Photo: NATIONAL INSTITUTE OF INFORMATION AND COMMUNICATIONS (JAPAN) via AFP

Volcanic ash blanketed island fields, images from an Australian Defence Force P-8A Poseidon patrol aircraft showed.

Shipping containers had been knocked over like dominoes at a port on the main island.

The World Health Organization said in a statement Tuesday that its liaison officer in Tonga, Dr Yutaro Setoya, was "channelling communication between UN agencies and the Tongan government".

"With international phone lines and internet connectivity still down, Dr Setoya's satellite phone is one of the few ways to get information," it said.

The officer has "literally been standing outside from dawn until long into the night for the past few days to ensure that the phone can reach the satellite signal", said the WHO's Health Cluster Coordinator for the Pacific, Sean Casey.

Photo: AFP / STAFF

The UN health agency said around 100 houses had been damaged, with 50 destroyed on Tonga's main island of Tongatapu.

Between five and 10 centimetres of ash and dust had fallen on Tongatapu, the UN said.

Water supplies "have been seriously affected by the volcanic ash," the government said in a statement.

The WHO said the ash and dust were "raising concerns of air pollution and potential contamination of food & water supplies".

"The gov't has advised the public to remain indoors, use masks if going out & to drink bottled water due to the ashfall," according to WHO.

Tonga has been virtually cut off from the rest of the world since Saturday's volcanic blast Tonga has been virtually cut off from the rest of the world since Saturday's volcanic blast Photo: NEW ZEALAND DEFENCE FORCE via AFP / Handout

Australia's HMAS Adelaide and New Zealand's HMNZS Wellington and HMNZS Aotearoa were ordered to be ready for a possible aid request from Tonga, which lies three to five days' sailing away.

The Red Cross said it was sending 2,516 water containers.

New Zealand has allocated NZ$1 million ($680,000) in humanitarian assistance and the United States has pledged $100,000.

France, which has territories in the South Pacific, pledged to help the people of Tonga's "most urgent needs".

The UN Office for the Coordination of Humanitarian Affairs (OCHA) said a signal had been detected from a distress beacon on a low-lying island, Mango.

The agency said surveillance flights had confirmed "substantial property damage" on Mango, home to about 30 people, and another island, Fonoi.

Images released by the United Nations Satellite Centre showed the impact of the disaster on the island of Nomuka, one of the closest to the Hunga-Tonga-Hunga-Ha'apai volcano.

The satellite centre said that of 104 structures analysed in a cloud-free area, 41 structures were damaged.

The government has begun evacuating the affected areas, according to its statement.

Tonga's airport was working to remove volcanic ash from the capital's runway.
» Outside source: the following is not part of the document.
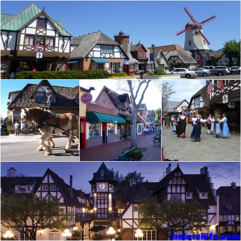 从Santa Barbara出发往北开,途中经过丹麦村,不妨驱车前往感受一下,然后继续向Hearst Castle前进。 Solvang 丹麦村: 从Santa Barbara市中心出发,往北开约34miles,45分钟,穿过一长条林荫道后,童话般的丹麦村就出现在你眼前。Solvang,丹麦语的意思就是是:洒满阳光的田园。 这里是早期欧洲移民居住的地方,仿照丹麦的街道规划了一个生活小镇。有古老的木质风车,简约的欧式建筑,沿街有礼品店、餐厅、点心店、Cafe,以及络绎不绝的游人。要说有多美多迷人,谈不上,但是在加州住久了,到这样的小镇上走走,看看不同风情的建筑,还是挺舒服的。 % o, j& R$ M( i1 a

Australia said the ash must be cleared before it can land a C-130 military plane with aid.

One of the three people confirmed dead was Briton Angela Glover, a 50-year-old who ran a stray animals charity and was reported missing by her husband after the tsunami hit.
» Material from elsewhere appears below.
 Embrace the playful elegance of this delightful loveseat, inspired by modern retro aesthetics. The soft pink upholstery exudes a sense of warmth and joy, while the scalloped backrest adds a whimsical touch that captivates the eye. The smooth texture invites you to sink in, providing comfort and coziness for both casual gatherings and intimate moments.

"Earlier today my family was sadly informed that the body of my sister Angela has been found," her brother Nick Eleini said after being given the news by the husband, James Glover.

"James was able to cling on to a tree for quite a long time, but Angela was unable to do so and was washed away with the dogs," he told The Guardian newspaper.

A 65-year-old woman from Mango and 49-year-old man from Nomuka island were also killed.

Even when relief efforts get under way, they may be complicated by Covid-19 entry restrictions.

In Peru, authorities sealed off three beaches Monday after they were hit by an oil spill blamed on freak waves caused by the eruption.

The blast severed an undersea communications cable between Tonga and Fiji that operators said would take up to two weeks to repair.